I have a small access panel in my upstairs hallway that gets me into the attic. Currently, there's a piece of drywall that has been painted and cut to fit the space that I have to remove every time I need to get access to the attic. This piece is basically falling apart around the edges and one corner has snapped and is now hanging by the paper backing of the drywall. Last winter (our first winter in the house) there was a bit of a draft coming from that panel. 

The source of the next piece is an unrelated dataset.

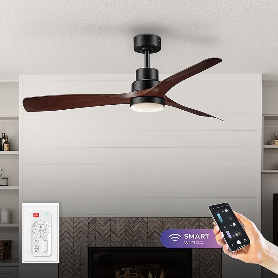 481042 - Globe Electric Nashville 52-in Color-Changing Smart Matte Black with Faux Wood Blades Ceiling Fan With Light 3 -Blade )

So, my question: What material would you suggest is best to use for covering the space? Also, is there anything I should do to the material to beef up its insulation capabilities? I've included a picture of what it looks like now. I look forward to reading the replies!

-Matt


----------



## SPS-1 (Oct 21, 2008)

Drywall for the htch is indeed poor. Any type of plywood will be fine for the hatch, but should be finished on the side facing the living space. You are not easily going to match the texture of the rest of the ceiling, but hopefully the hatch is in a closet or someplace that is not normally visible. You should put a weatherstrip on the bottom outside of hatch to keep it airtight. I like extruded polystyrene ( the heavier blue or pink stuff, not the lightweight white stuff) on top of the hatch as insulation. Use adhesive specifically intended for foam insulation to glue the insulation to the hatch, and to itself ( you will need several layers - the more the better)


----------



## ADKMatt (Oct 23, 2011)

Thanks for the advice! I'll head to the hardware store this weekend to get it taken care of. Unfortunately the access panel is right in the middle of the upstairs hallway, so I'm going to just have to deal with the texture of the plywood being mismatched with the rest of the ceiling. I'll paint it white and it'll be close.


----------



## Windows on Wash (Aug 30, 2011)

Drywall is fine.

Rigid foam on the back vs. fiberglass is better.


----------